Just looked at the tide chart for the next month and it sucks for all of the fishing that I want to do.


----------



## anytide (Jul 30, 2009)

> Back where


my back yard / T A M P A 
--yes those islands DN 
--a few slots on topwater , the pigs caught on ladyfish..
--snooklets / rat reds /ladyfish / 
--THEN 2 jacknuts driving WOT buzzed us and i was over  -i educated one of them slightly but the champ was with me so i kept it PG.........
but it was over by then and getting hot / home by 11am 
--missed my shots a monster snook and red, but 1 slot in the cooler and fish tacos/heineken for lunch today...


----------



## makin moves (Mar 20, 2010)

nice work tide where was my invite for fish tacos and cold brews


----------



## anytide (Jul 30, 2009)

sorry you couldnt make it ......


----------



## rkmurphy (Nov 2, 2008)

> nice work tide where was my invite for fish tacos and cold brews


Yeah man what's the deal?!  I tried to get out with both of you last weekend!  When is this going to happen?!

Nice fish Patrick. I'm jealous.


----------



## anytide (Jul 30, 2009)

M n M was suppose to bring you.....
--i dont fish on the weekends if possible -too many yum yums out there, but they were there anyways   [smiley=bigun2.gif]

-dont go there DN its closed till further notice :-?


----------



## rkmurphy (Nov 2, 2008)

> M n M was suppose to bring you.....
> --i dont fish on the weekends if possible -too many yum yums out there, but they were there anyways   [smiley=bigun2.gif]
> 
> -dont go there DN its closed till further notice :-?

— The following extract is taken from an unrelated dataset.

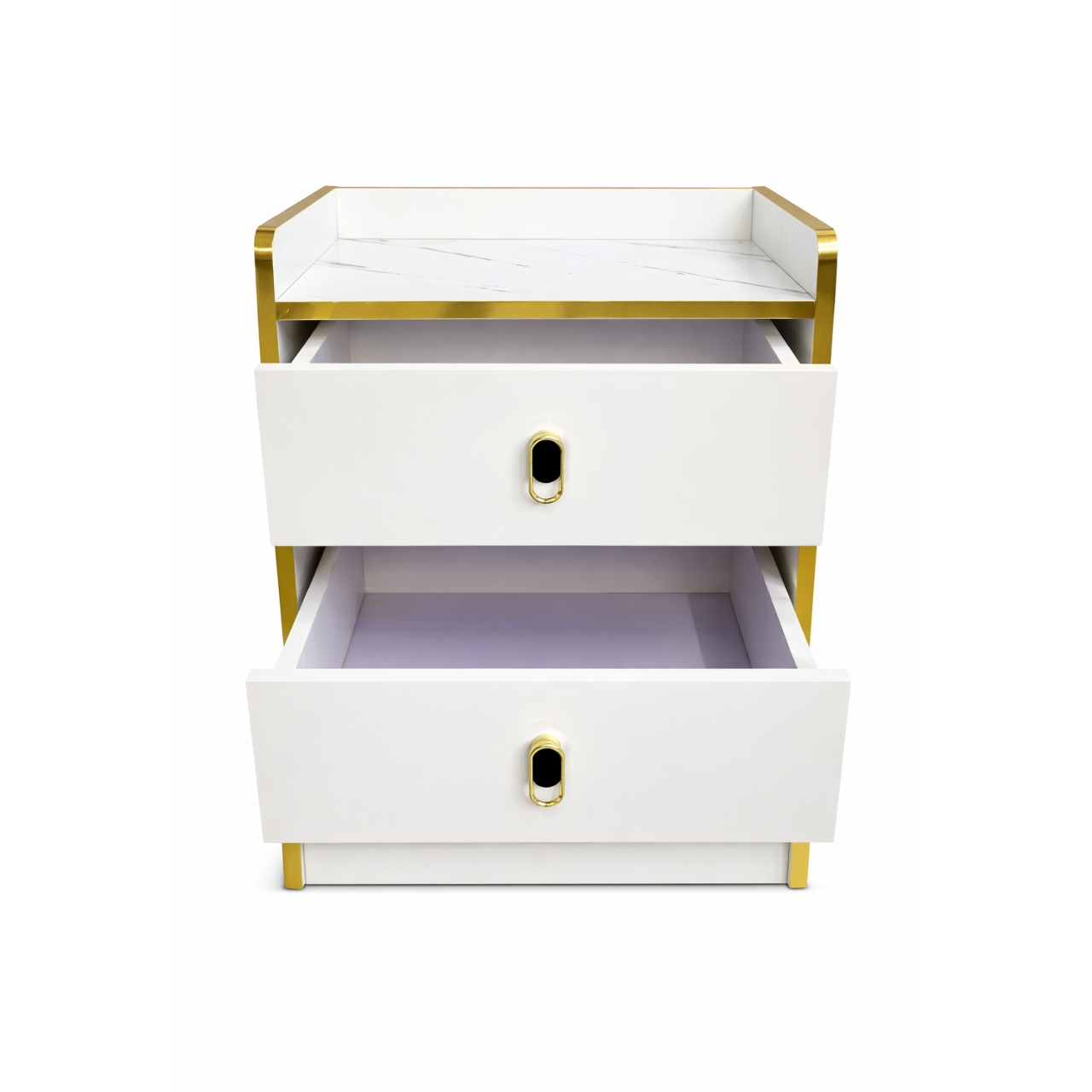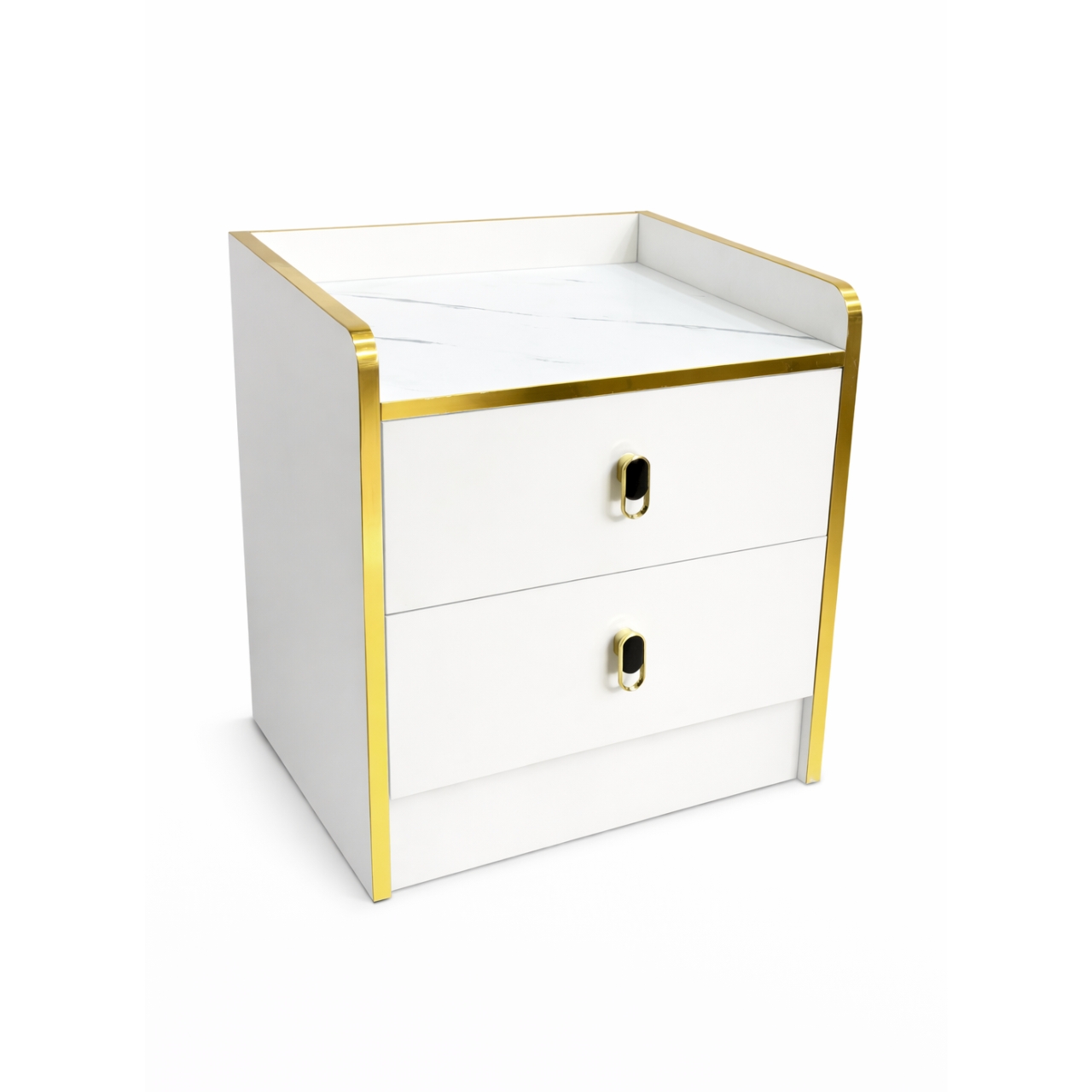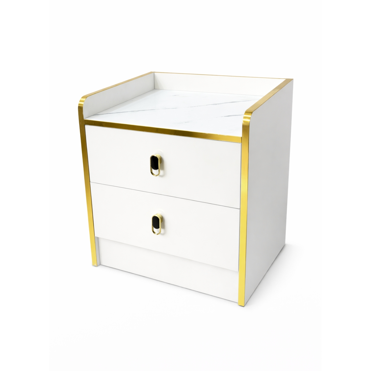 The Modern White Nightstand with Gold Accents features a sleek design with two spacious drawers for organised storage. Finished in white with elegant gold details, it offers a durable and stylish solution for bedrooms or accent spaces.

For the most part, the only time I can fish is the weekends, unfortunately. I can get out over the next few Mondays, though, so let me know if you're available. Same goes for you Eric.


----------



## makin moves (Mar 20, 2010)

I went out the other day exploring my new area north of Bayport. I went and modified my skeg and prop on a rock pile :-? Time for a trip to admrial props  Saw lots of reds, black drum and sheepshead


----------



## DuckNut (Apr 3, 2009)

> -dont go there DN its closed till further notice


Good, then they will be there when I can make out.


----------